| Directions for this task |
A verbatim transcription of the listing below is required, without its pictures.

====== Information provided ======

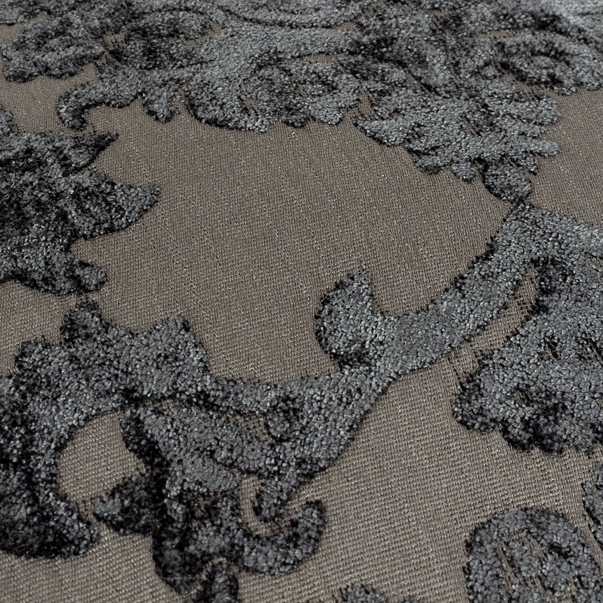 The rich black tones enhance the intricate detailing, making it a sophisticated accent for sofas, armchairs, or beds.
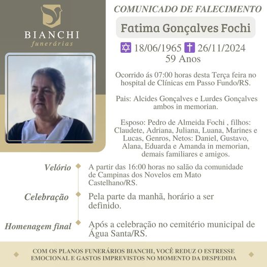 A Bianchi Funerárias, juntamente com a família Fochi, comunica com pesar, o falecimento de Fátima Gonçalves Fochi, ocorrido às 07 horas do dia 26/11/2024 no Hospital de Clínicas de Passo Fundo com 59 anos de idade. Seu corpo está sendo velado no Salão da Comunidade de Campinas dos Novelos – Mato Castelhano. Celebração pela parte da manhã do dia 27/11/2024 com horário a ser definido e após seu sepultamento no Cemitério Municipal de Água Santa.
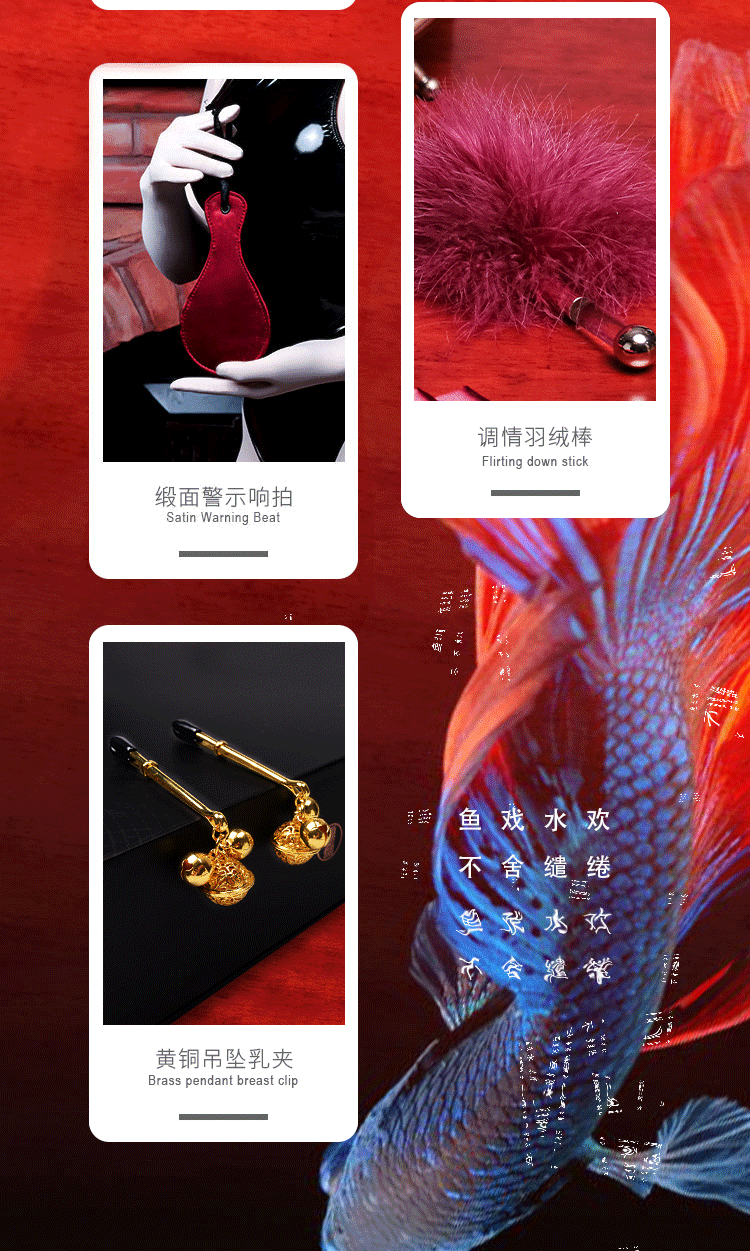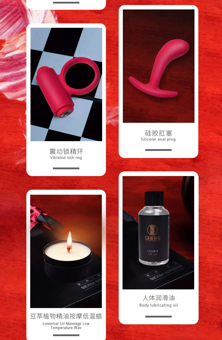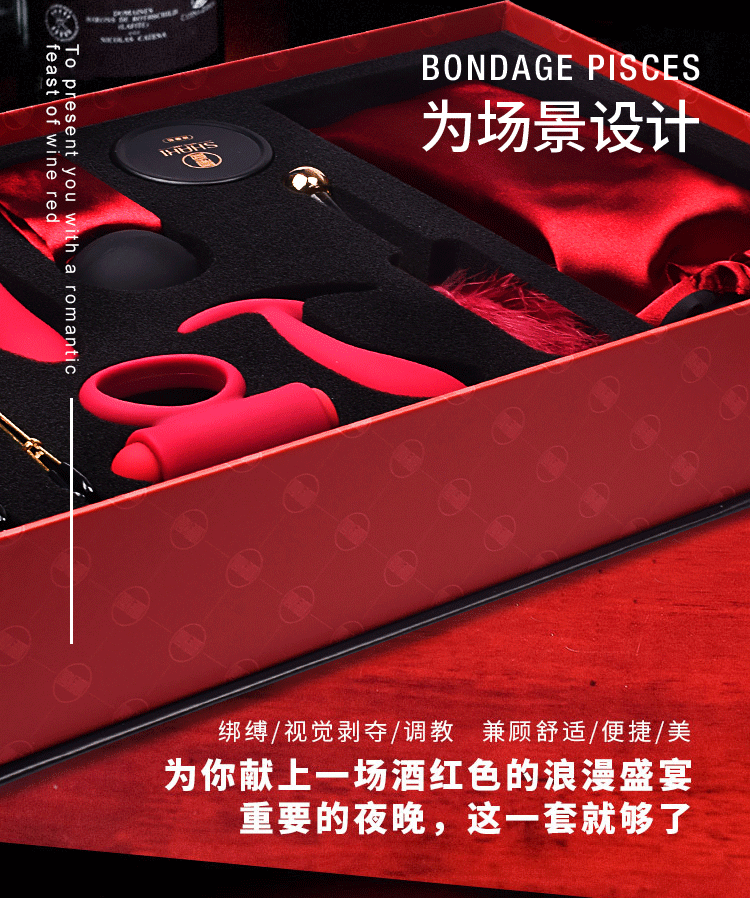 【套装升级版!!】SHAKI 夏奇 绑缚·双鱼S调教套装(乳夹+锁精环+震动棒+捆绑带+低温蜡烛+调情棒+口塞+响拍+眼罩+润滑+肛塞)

======

| Output |
 The rich black tones enhance the intricate detailing, making it a sophisticated accent for sofas, armchairs, or beds.
 A Bianchi Funerárias, juntamente com a família Fochi, comunica com pesar, o falecimento de Fátima Gonçalves Fochi, ocorrido às 07 horas do dia 26/11/2024 no Hospital de Clínicas de Passo Fundo com 59 anos de idade. Seu corpo está sendo velado no Salão da Comunidade de Campinas dos Novelos – Mato Castelhano. Celebração pela parte da manhã do dia 27/11/2024 com horário a ser definido e após seu sepultamento no Cemitério Municipal de Água Santa.
 【套装升级版!!】SHAKI 夏奇 绑缚·双鱼S调教套装(乳夹+锁精环+震动棒+捆绑带+低温蜡烛+调情棒+口塞+响拍+眼罩+润滑+肛塞)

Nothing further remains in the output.